U-BIOPRED produces booklet on patient engagement
IMI severe asthma project U-BIOPRED has produced a short, practical guide on how to involve patients across all stages of healthcare research. Aimed at people planning on applying for, or developing EU healthcare research projects, the booklet sets out top tips for successful patient involvement based on the experiences of the project’s Patient Input Platform (PIP). The project’s advice can be summarised as follows:
- Before the project starts, get patients involved as soon as possible, budget for their involvement, and set up a patient input platform.
- During the project, provide coordination and support for patients and communicate with them regularly and clearly. Patients can provide input on all aspects of projects, especially issues such as patient ecruitment in clinical studies, and communication with wider (non-scientific) audiences.
- As projects draw to a close, patients can play a key role in gaining visibility for projects in public, patient and policy settings, and encouraging other patients to get involved in research.
U-BIOPRED proved successful at integrating patients’ input into its work. ‘U-BIOPRED PIP members hope that by sharing their experiences of involvement, they can provide practical guidance to achieve successful and meaningful patient involvement to optimise your research outcomes,’ the authors write.
WEB-RADR launches Croatian version of side effect reporting app
Croatia has become the third country in Europe to benefit from the WEB-RADR mobile app for reporting suspected adverse drug reactions (side effects). The Croatian app, which is available via both Apple’s App Store and Google Play was launched by HALMED, Croatia’s Agency for Medicinal Products and Medical Devices, at a conference in Zagreb. The mobile application allows patients, healthcare professionals, carers and others to directly report ADRs as well as receive the latest information concerning medicinal products using their mobile devices. ‘After HALMED was the first in the world to begin using the online application of the World Health Organization (WHO), the introduction of our mobile application represents the logical continuation of our efforts to apply new digital technologies in order to make the ADR reporting system more accessible to patients and health care professionals. Croatia, the United Kingdom and the Netherlands are the first member states of the European Union which have implemented such applications, and a mobile application meant for use in all the other member states of the European Union will be developed based on our experiences,’ said Darko Krnić, Head of HALMED’s Department for Pharmacovigilance and Rational Pharmacotherapy.
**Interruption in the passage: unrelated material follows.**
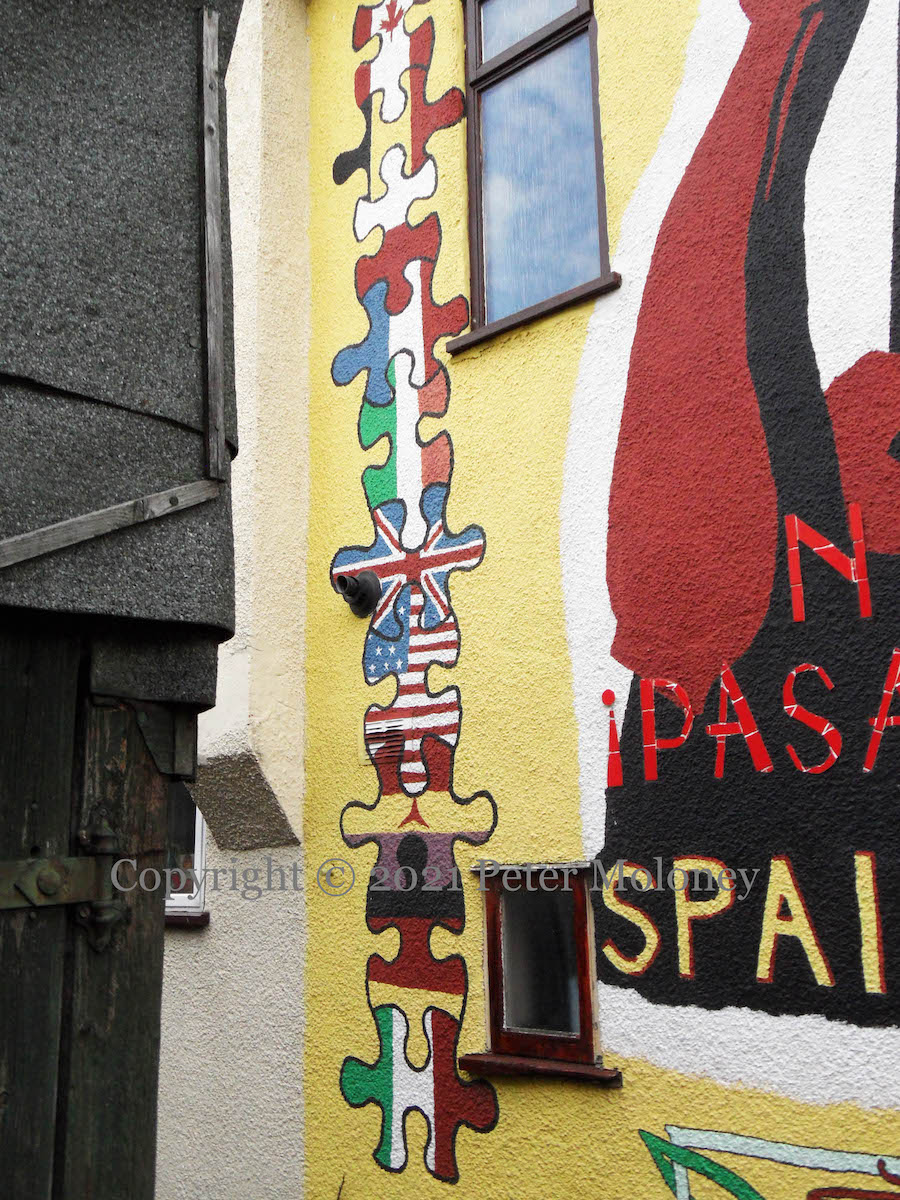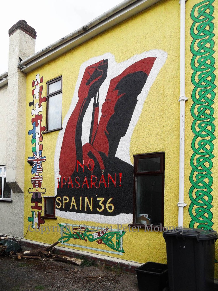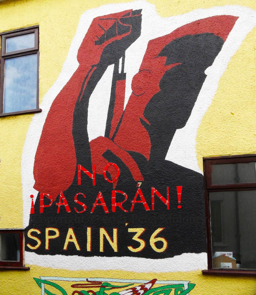 More than 35,000 from more than 80 countries people – see the jigsaw pieces on the left of this mural – joined the International Brigades in the Spanish Civil War, including 2,300 from Britain and Ireland (Guardian). The slogan “¡No pasarán!” [They shall not pass] comes from a speech by Dolores Ibárruri (“La Pasionaria”) in July 1936: “The Communist Party calls you to arms. We especially call upon you, workers, farmers, intellectuals to assume your positions in the fight to finally smash the enemies of the Republic and of the popular liberties. Long live the Popular Front! Long live the union of all anti-fascists! Long live the Republic of the people! The Fascists shall not pass! They shall not pass!” (WP)

Read HALMED’s press release.
Advance your education with Eu2P’s courses
IMI’s Eu2P project runs numerous courses covering various aspects of medicines research and development, including pharmacovigilance. The courses range from short, ‘bite-sized’ online courses to full Master’s programmes. Now the project has produced a handy ‘at a glance’ guide that provides students with a simple overview of the types of courses available, the workload involved, and the certificates offered upon successful completion of the course. Applications for the short online courses are always open. The deadline for applications for the next intake of Masters students is 26 June. The Eu2P Master is an academic post-graduate training in pharmacovigilance and pharmacoepidemiology that leads to a MSc degree jointly awarded by the European Universities working together as Eu2P partners. Finally, the next deadlines for applying for the shorter certificates are in early September.